As a transducer that performs transmission/reception of ultrasound, a CMUT (Capacitive Micromachined Ultrasonic Transducer), that is a capacitive ultrasound transducer manufactured by a MEMS (Micro Electro Mechanical Systems) process to which a semiconductor process is applied, has been proposed. There has been a measurement method by which ultrasound is transmitted to a measuring object, and the ultrasound reflected by the measuring object is received to obtain the information about the measuring object, with the use of an ultrasound transducer. There has been a suggested method by which the transmission/reception transducer used in the above measurement method is a CMUT that characteristically has a relatively wide frequency range (wideband) of ultrasound to be transmitted/received.
It is known that a CMUT has two modes in which the condition of a diaphragm that vibrates upon receipt of ultrasound varies: a conventional mode and a collapse mode (see PTL 1). In the conventional mode, the diaphragm is not in contact with a lower electrode during a transmitting/receiving operation, even if the diaphragm is concaved. In the collapse mode, on the other hand, the diaphragm is brought into contact with a lower electrode when concaved during a transmitting/receiving operation. PTL 1 discloses that ultrasound with large amplitude can be emitted by causing a diaphragm to vibrate between the conventional mode and the collapse mode.

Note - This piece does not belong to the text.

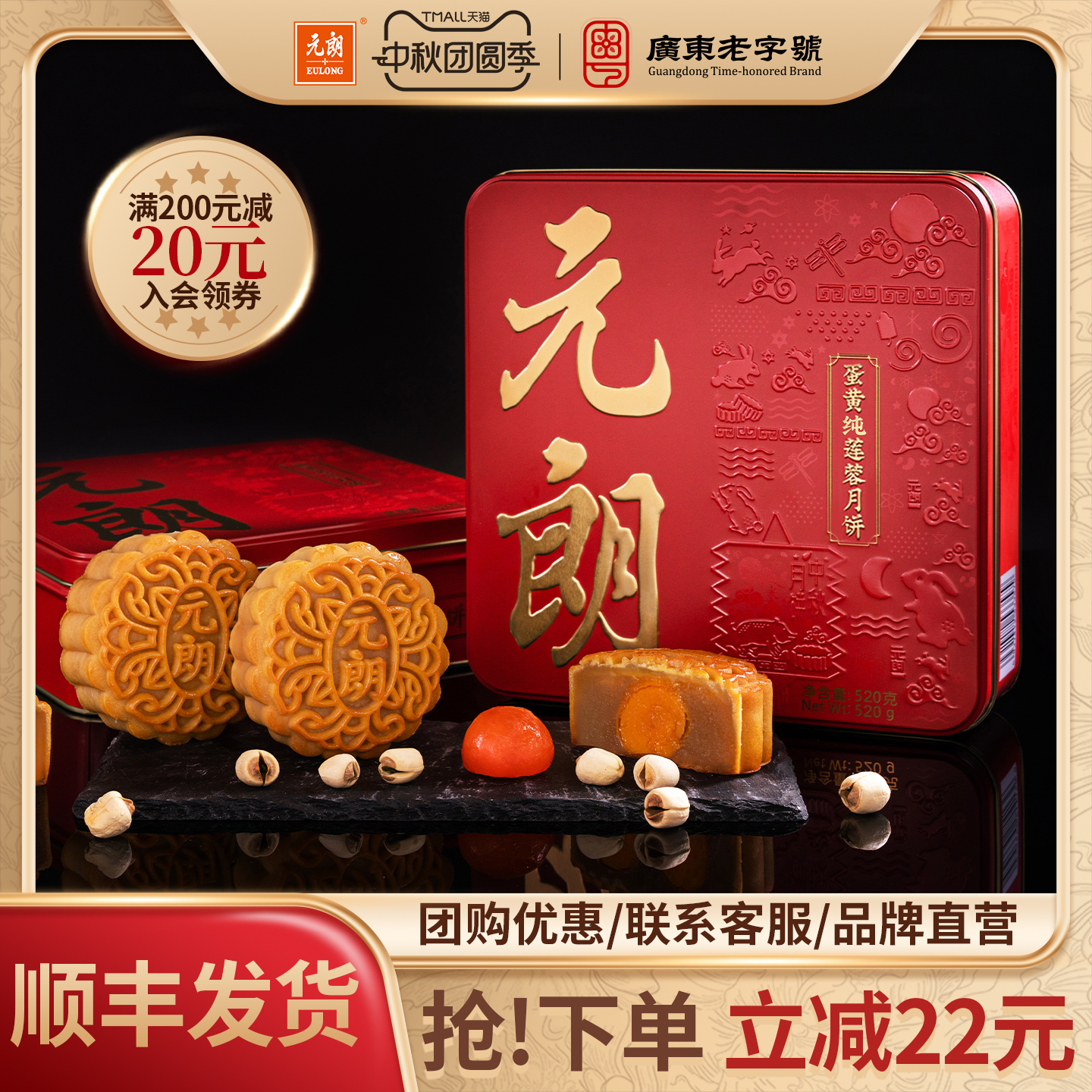 广州荔煌酒家双黄100%纯莲蓉月饼中秋节礼盒装送礼团购批发

According to a method of measuring ultrasound through transmission and reception, the required frequency range varies with measuring objects. Examples of typical features include a feature centering around 5 MHz (about 1 MHz through 5 MHz, for example) and a feature centering around 10 MHz (about 7 MHz through 12 MHz, for example). As an example of the former feature, there is a method of receiving ultrasound generated from a measuring object after light emission. This is also called photoacoustic tomography (PAT). As an example of the latter feature, there is a method of receiving ultrasound reflected by a measuring object after ultrasound transmission. As such, the frequency range required for a capacitive transducer varies depending on the size of the measuring object, the depth of the measurement, or the measurement method.